The title says what the paper did. The researchers inserted the Dsup gene into cultured human HEK293 kidney cells. The transgenic human cells suffered roughly 40 percent less X-ray-induced DNA damage than control cells, and continued to proliferate after exposure. The gene moved across half a billion years of evolutionary distance, into a cell line from a completely different kingdom of the tree of life, and still functioned.

The paradox the crash left behind

Beresheet's impact velocity, about 140 metres per second, was well below the 900 metres per second that tun-state tardigrades have survived in controlled gas-gun experiments.
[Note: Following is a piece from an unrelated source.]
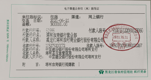 為更好地支持塔河縣應(yīng)對汛情,戰(zhàn)勝洪災(zāi), 6月21日,塔河農(nóng)商銀行在上級銀行的大力支持下,簡化手續(xù),特事特辦,第一時(shí)間向塔河縣人民政府捐贈救災(zāi)款項(xiàng)30萬元,用于塔河縣抗洪救災(zāi)工作,奉獻(xiàn)了農(nóng)商銀行廣大干部職工的一份愛心。

That is why the early speculation was not absurd on its face. The 2021 follow-up did not overturn the gas-gun work; it argued that the actual forces of the Beresheet impact, with its specific geometry and the structural failure of the spacecraft around the cargo, exceeded what the animals could absorb. The headline survived the rebuttal anyway, because the underlying story does not need the Moon to land.

A creature smaller than a grain of salt, made of about a thousand cells, can shut its metabolism to less than one part in ten thousand and ride out the vacuum of low Earth orbit. It carries, in a single nuclear protein, a defence against ionising radiation that can be lifted out of its genome, dropped into cultured human cells, and cut their X-ray DNA damage by about 40 percent. The lunar passengers did not survive. The genetic invention they came from already has.